◆ Given entries ◆
• • • •

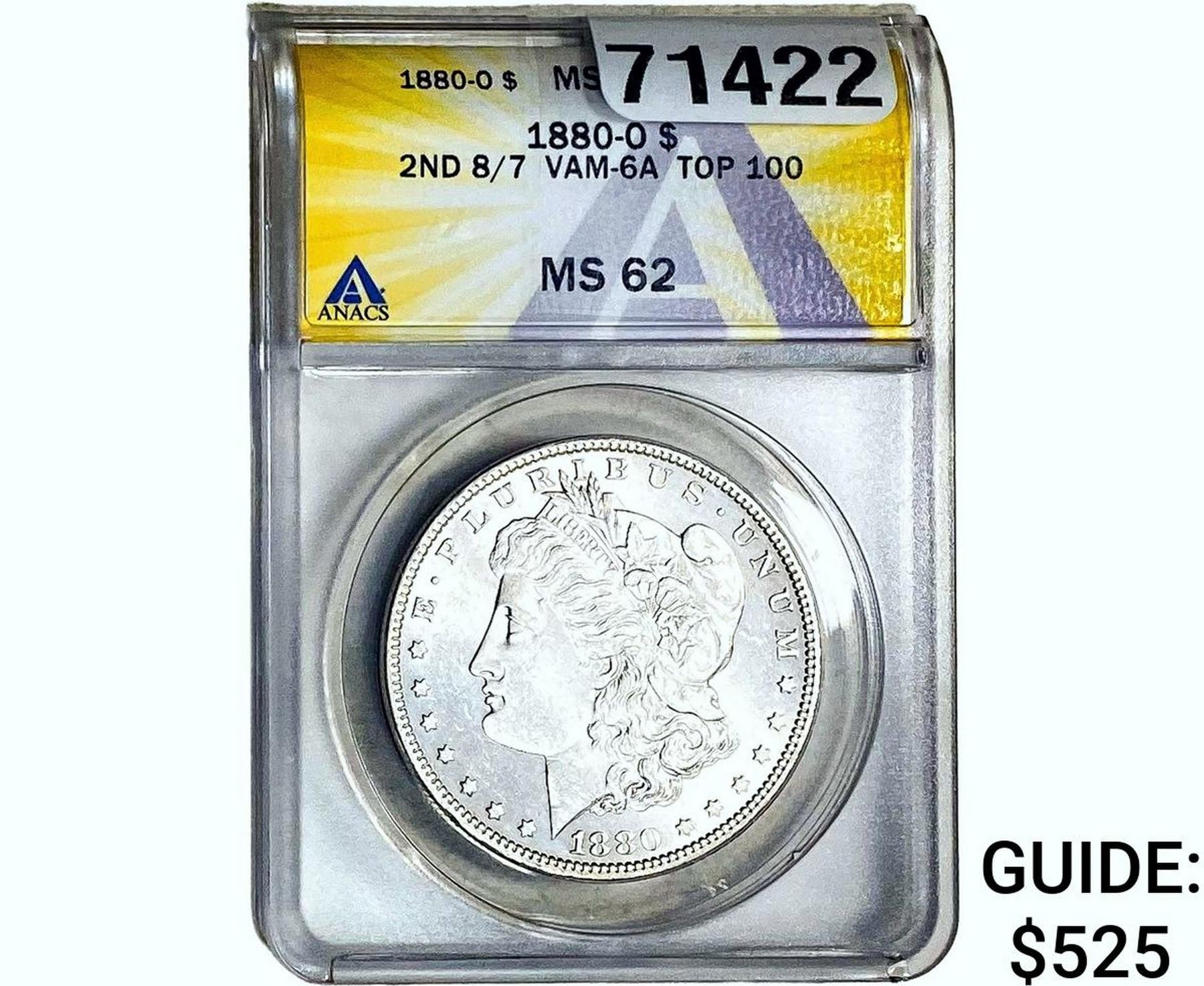 1880-O Morgan Silver Dollar ANACS MS62 8/7 VAM-6A
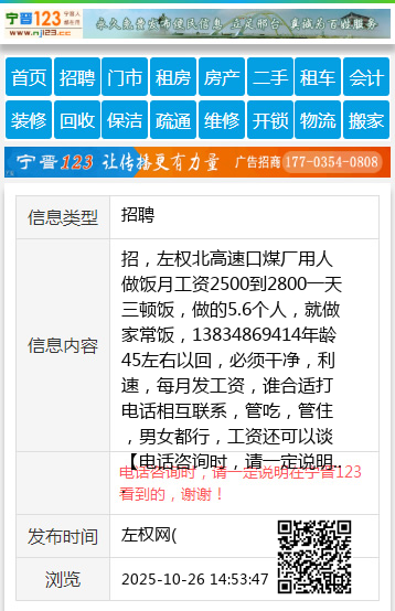 招,左权北高速口煤厂用人做饭月工资2500到2800一天三顿饭,做的5.6个人,就做家常饭,13834869414年龄45左右以回,必须干净,利速,每月发工资,谁合适打电话相互联系,管吃,管住,男女都行,工资还可以谈 【电话咨询时,请一定说明在左权网看到的,谢谢!】 |
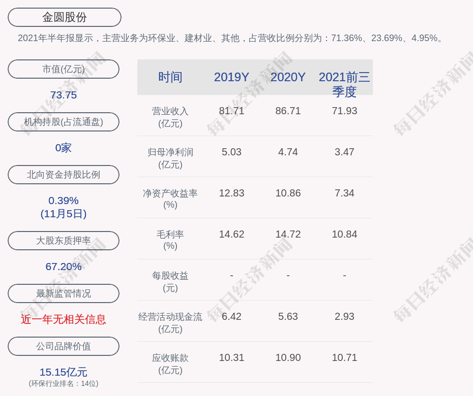 2021年半年报显示,金圆股份的主营业务为环保业、建材业、其他,占营收比例分别为:71.36%、23.69%、4.95%。
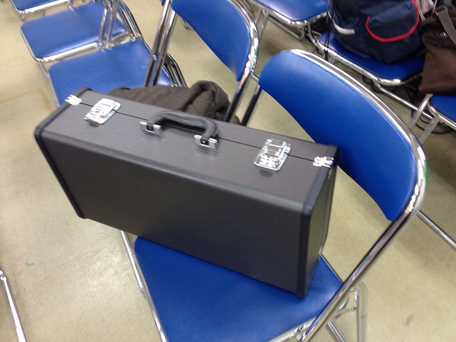教会会堂に、トランペットが置いてありました。クリちゃんゆみちゃんのらしいです〜東京Fluteエステル
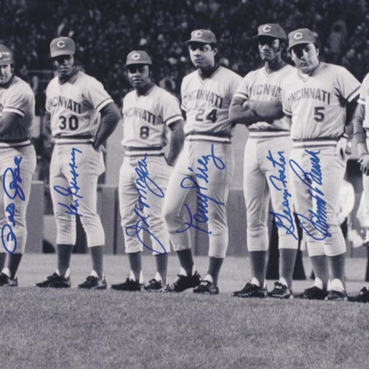 "Big Red Machine Line-Up" is a lithograph featuring signatures from the Big Red Machine's starting eight; Johnny Bench (c), Tony Perez (1b), Joe Morgan (2b), Dave Concepcion (ss), Pete Rose (3b), Ken Griffey (rf), Cesar Geronimo (cf) and Geoge Foster (lf). The Reds became the first NL team since the 1921-1922 New York Giants to win consecutive World Series championships. The Big Red Machine of 1975-1976 is considered one of the best teams ever. This piece comes framed. Includes Certificate of Authenticity. Measures approx. 26" x 22" (frame), 20" x 16" (image).
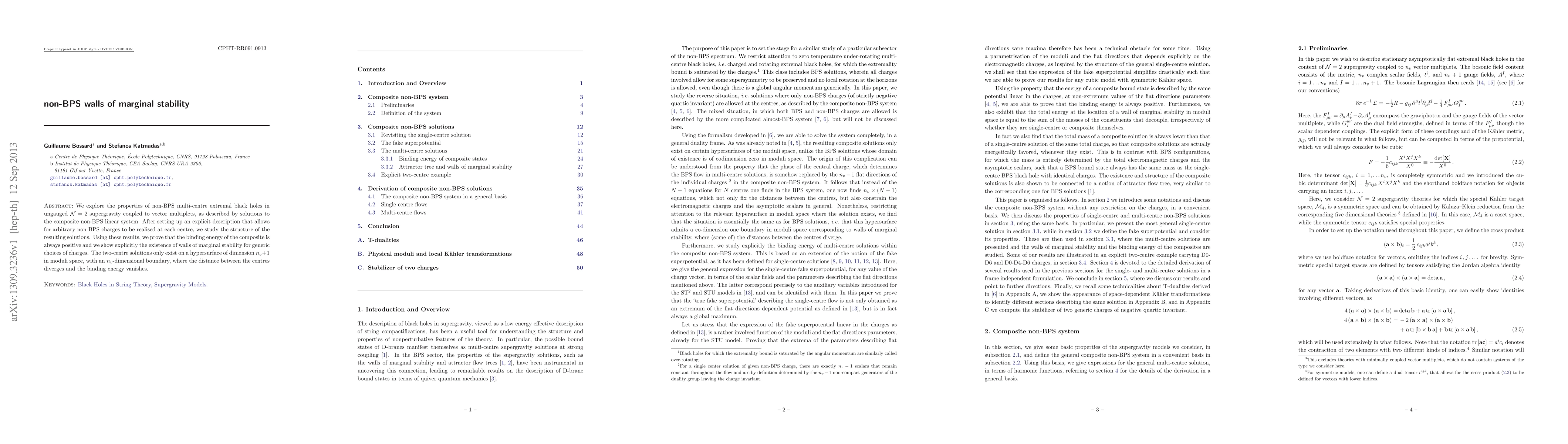 This paper explores the properties of non-BPS black holes in N=2 supergravity, showing that walls of marginal stability exist for generic charges and proving positive binding energy for composite solutions.
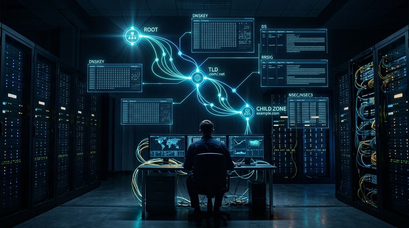Практически оператору нужны не “все RFC”, а понимание пяти вещей: где лежит публичный ключ дочерней зоны (DNSKEY), как родитель указывает на него (DS), чем подписаны ответы (RRSIG), как доказывается отсутствие имени или типа (NSEC/NSEC3), и какие TTL/тайминги влияют на кэширование в момент включения, rollover и отката. Именно на стыке DNSKEY ↔ DS ↔ TTL чаще всего и рождаются outage’ы.
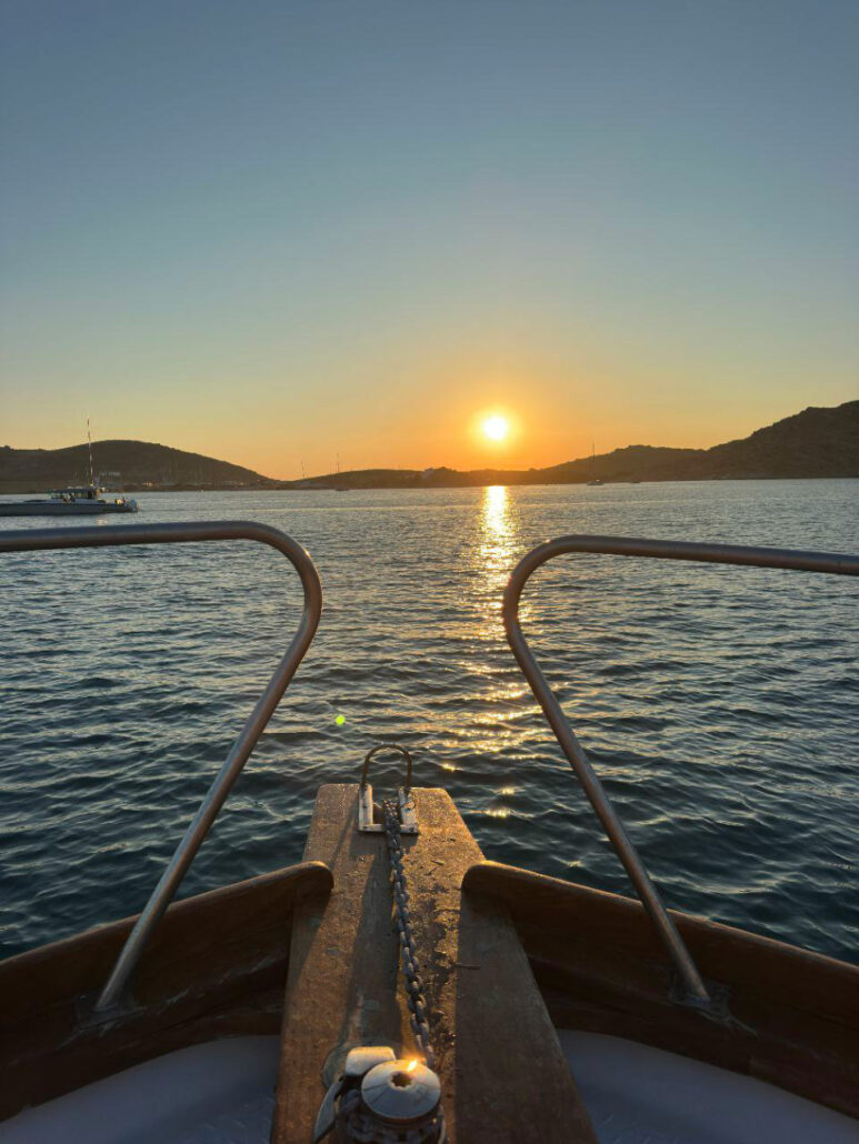 On the sunset tour, the captain chooses the perfect location to enjoy the changing colours of the Aegean — a calm, unforgettable moment at sea.
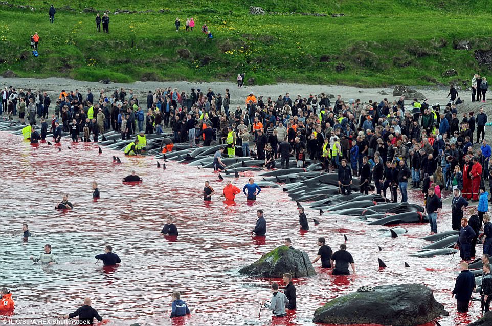 تحولت جزر فارو بالدنمارك إلى بحر من الدماء بعد قتل سكان محليون لقطيع من الحيتان الأبرياء، حيث تضطر الحيتان كل عام إلى السباحة نحو شواطئ الجزر الدنماركية أثناء هجرتها.
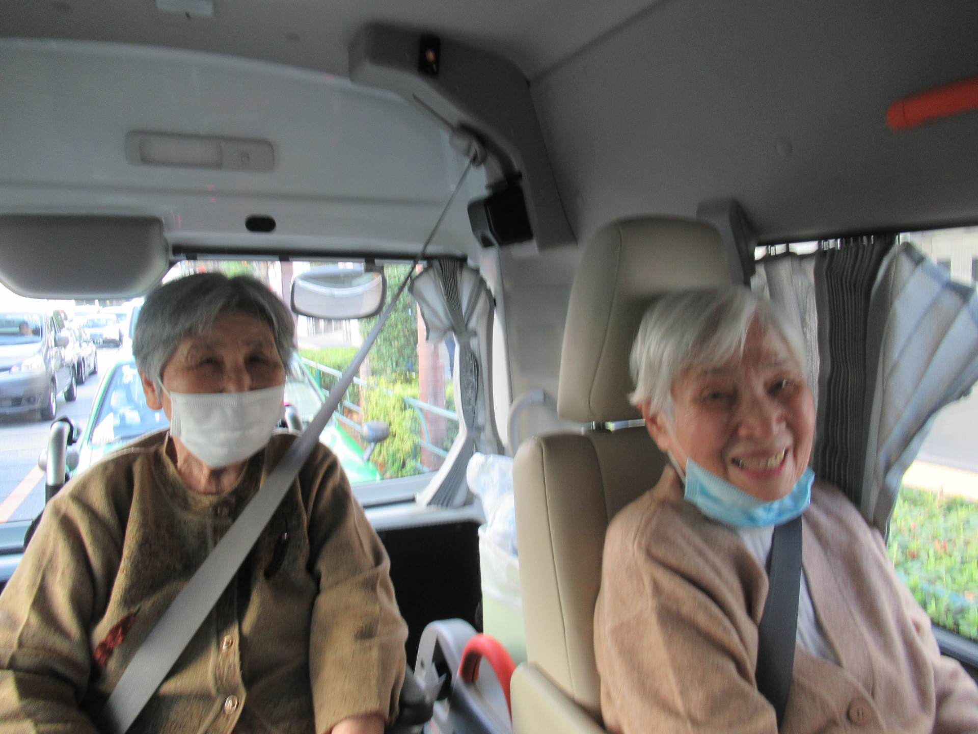 送迎車は車高が少し高いので、黄色い落ち葉が積もった歩道を上から眺められます。

• • • •

What you return must match the material above exactly, minus its pictures.

◆ The answer ◆
 1880-O Morgan Silver Dollar ANACS MS62 8/7 VAM-6A
 招,左权北高速口煤厂用人做饭月工资2500到2800一天三顿饭,做的5.6个人,就做家常饭,13834869414年龄45左右以回,必须干净,利速,每月发工资,谁合适打电话相互联系,管吃,管住,男女都行,工资还可以谈 【电话咨询时,请一定说明在左权网看到的,谢谢!】 |
 2021年半年报显示,金圆股份的主营业务为环保业、建材业、其他,占营收比例分别为:71.36%、23.69%、4.95%。
教会会堂に、トランペットが置いてありました。クリちゃんゆみちゃんのらしいです〜東京Fluteエステル
 "Big Red Machine Line-Up" is a lithograph featuring signatures from the Big Red Machine's starting eight; Johnny Bench (c), Tony Perez (1b), Joe Morgan (2b), Dave Concepcion (ss), Pete Rose (3b), Ken Griffey (rf), Cesar Geronimo (cf) and Geoge Foster (lf). The Reds became the first NL team since the 1921-1922 New York Giants to win consecutive World Series championships. The Big Red Machine of 1975-1976 is considered one of the best teams ever. This piece comes framed. Includes Certificate of Authenticity. Measures approx. 26" x 22" (frame), 20" x 16" (image).
 This paper explores the properties of non-BPS black holes in N=2 supergravity, showing that walls of marginal stability exist for generic charges and proving positive binding energy for composite solutions.
Практически оператору нужны не “все RFC”, а понимание пяти вещей: где лежит публичный ключ дочерней зоны (DNSKEY), как родитель указывает на него (DS), чем подписаны ответы (RRSIG), как доказывается отсутствие имени или типа (NSEC/NSEC3), и какие TTL/тайминги влияют на кэширование в момент включения, rollover и отката. Именно на стыке DNSKEY ↔ DS ↔ TTL чаще всего и рождаются outage’ы.
 On the sunset tour, the captain chooses the perfect location to enjoy the changing colours of the Aegean — a calm, unforgettable moment at sea.
 تحولت جزر فارو بالدنمارك إلى بحر من الدماء بعد قتل سكان محليون لقطيع من الحيتان الأبرياء، حيث تضطر الحيتان كل عام إلى السباحة نحو شواطئ الجزر الدنماركية أثناء هجرتها.
 送迎車は車高が少し高いので、黄色い落ち葉が積もった歩道を上から眺められます。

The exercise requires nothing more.